ENGLEWOOD, Colo. — For 158 days, Brenda Bailey watched as her husband fought an internal battle.
"There was quite a few days I didn’t think he would be here," Bailey said.
Nate McWilliams doesn’t remember any of it. His only reminders are pictures Bailey took.
"I'm glad to be alive," McWilliams said.
McWilliams was admitted into the hospital with COVID on June 27. The couple put off getting vaccinated and decided only a week earlier they wanted to get the shot.
"It was a procrastination," Bailey said.
Now, they wish they hadn’t waited so long.
"This is for real. You got to take this seriously and get your vaccination because if not, you don’t want to be where I was at," McWiliams said.
Where McWilliams found himself was in the ICU days after getting to the hospital. His wife of 24 years thought the worst.
"I’m never going to see him again," Bailey said she thought during his hospitalization.
Weeks later, McWilliams was placed on an ECMO machine.
"I said, 'What if we don’t do it?' They said, 'He might have 24 hours,'" Bailey said the medical team told her.
He would spend the next 91 days on the machine, which acts as an artificial lung.
"I will confess, I was disheartened by day 30. His lungs were not getting better," said Dr.

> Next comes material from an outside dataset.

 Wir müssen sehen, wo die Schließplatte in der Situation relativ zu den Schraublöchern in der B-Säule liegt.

Luciano Lemos-Filho, McWilliams' primary doctor.
Lemos-Filho is the ECMO director at Swedish Medical Center. He said COVID-19 patients usually are on the ECMO machine for 14 day, not for 91 day like McWilliams' case. Lemos-Filho said it's a 50/50 chance a patient lives once placed on ECMO.
A team of about ten people cared for the father of three every day, ncluding one of his nurses, Madison Babb.

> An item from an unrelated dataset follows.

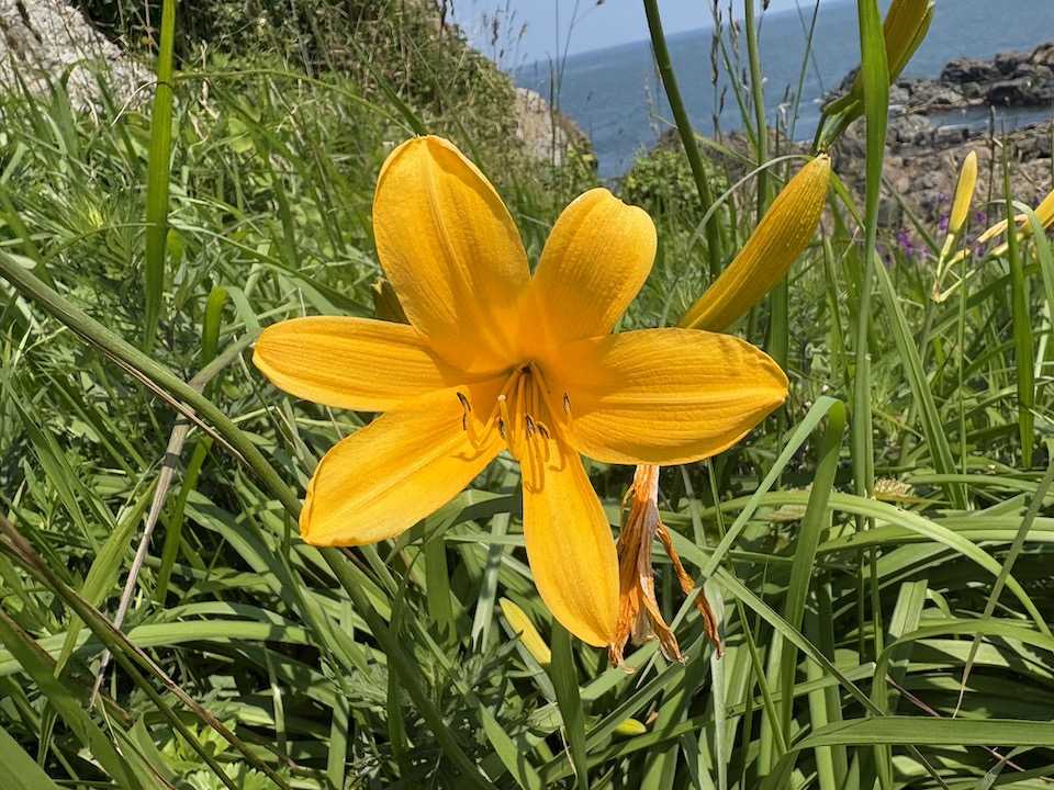 八戸の種差海岸では今ニッコウキスゲが咲いてますニッコウキスゲ=日光黄菅午前中に花が咲き夕方にはしぼんでしまう1日だけの命ですって明るくだいだい色の花その儚くも潔いところに癒されています花言葉は「日々新しく」太平洋の海岸美とニッコウキスゲから元気もらいました

"He had so many bumps in the road, and there were times where we just had to maintain every single day," Babb said.
By mid-October, McWilliams turned a corner and began regaining the strength he lost.
"I couldn’t stand up," McWilliams said.
But now, a couple of weeks after his 55th birthday, McWilliams can go home.

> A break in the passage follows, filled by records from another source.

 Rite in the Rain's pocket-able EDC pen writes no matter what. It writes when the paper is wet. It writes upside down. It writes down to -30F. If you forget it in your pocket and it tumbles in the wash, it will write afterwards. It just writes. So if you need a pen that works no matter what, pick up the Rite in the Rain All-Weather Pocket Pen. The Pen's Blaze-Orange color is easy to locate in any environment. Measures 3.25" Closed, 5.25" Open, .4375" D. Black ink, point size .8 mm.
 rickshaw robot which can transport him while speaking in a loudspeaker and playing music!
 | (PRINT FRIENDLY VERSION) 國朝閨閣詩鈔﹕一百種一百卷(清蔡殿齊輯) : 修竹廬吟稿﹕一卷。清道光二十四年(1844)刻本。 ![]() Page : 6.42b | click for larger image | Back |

"When I get home, I’m going to be so happy. I get to see the dogs. I miss them," he said.
First, his medical team gave him a proper send off — lining the halls and cheering as he was rolled out. Before arriving to the exit, McWilliams stood out of his wheelchair. Many of his healthcare providers were seeing him stand for the first time.
"To see him walking and be able to go home is very emotional because we fought so hard to get them to that point. I’m really happy," Babb said.
Nearly a half-year lost, yet it's a new appreciation for life gained.
"You never know," McWilliams said. "You could lose it just like that."